SAN FRANCISCO — Somewhere in Derek Law’s house, there is a Texas Rangers jersey with his name on the back of it. Law has never thrown a pitch for the Rangers or any of their affiliates, but as a young right-hander coming out of Seton LaSalle Catholic in Pittsburgh, he was their 28th round selection in the 2009 MLB Draft.
Pittsburgh was hit with heavy rain that spring, preventing Law from showing much to scouts. But the Rangers saw enough to call his name late. They never, however, followed up with an offer.
“I probably would have signed for cheap, too,” Law said last week, laughing. “I wanted to play professionally.”
Law’s friends were so sure he would go pro that one bought him that customized Rangers jersey, which he tucked away. He ended up going to Miami-Dade College and getting the call from the Giants in the ninth round two years later.
“I’d say it worked out really well,” Law said.
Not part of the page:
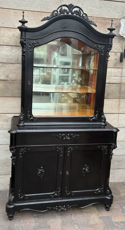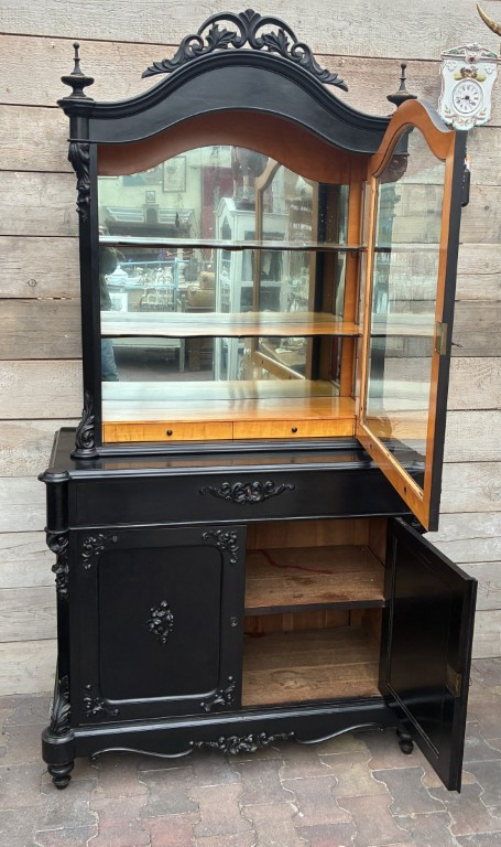 Deze elegante vitrinekast is een echte eyecatcher en uitgevoerd in de rijke, klassieke Napoleon III / neo-barok stijl. De diepzwarte buitenzijde in combinatie met het warme houten interieur zorgt voor een prachtig contrast en een luxe uitstraling.

As you might expect, Law is far from alone in that experience. On the active roster, the Giants have 18 players who signed out of college, and 10 of them were also drafted out of high school by teams they never ended up playing with. Of those 10, Aaron Hill (seventh round in 2000, 13th round in 2003) is the only one who did not get drafted higher the second time around.
The only other homegrown member of the current bullpen jumped up one round in his second draft, and like Law, Josh Osich very easily could have ended up elsewhere. Osich was a seventh round pick out of Oregon State in 2010, but his case was complicated. He had undergone Tommy John surgery and didn’t throw a pitch in the season before the draft, but the Angels took a flyer. Osich had a dollar figure in mind, but the Angels didn’t hit the mark. They thought they could come in low and snag a rehabbing 21-year-old.
“I don’t blame them at all,” Osich said. “It was smart on their part.”
Osich made a smart decision, too. He went back to school, got his fastball back up to the 97-98 mph range, no-hit a talented UCLA squad, and was headed for the top two rounds before another injury set him back the day before the 2011 draft. The Giants didn’t blink and they took him in the sixth round, signing Osich for three times the amount he was seeking from the Angels a year earlier.
While many of the Giants have been selected twice in their lives, Brandon Belt went through two drafts before he even played an inning for Texas. The Red Sox picked the promising but injured high school pitcher in the 11th round in 2006. A year later, the Braves spent the same pick on the San Jacinto College product.
“I was never close to signing,” Belt said. “Especially after the juco year, I was going to Texas no matter what.”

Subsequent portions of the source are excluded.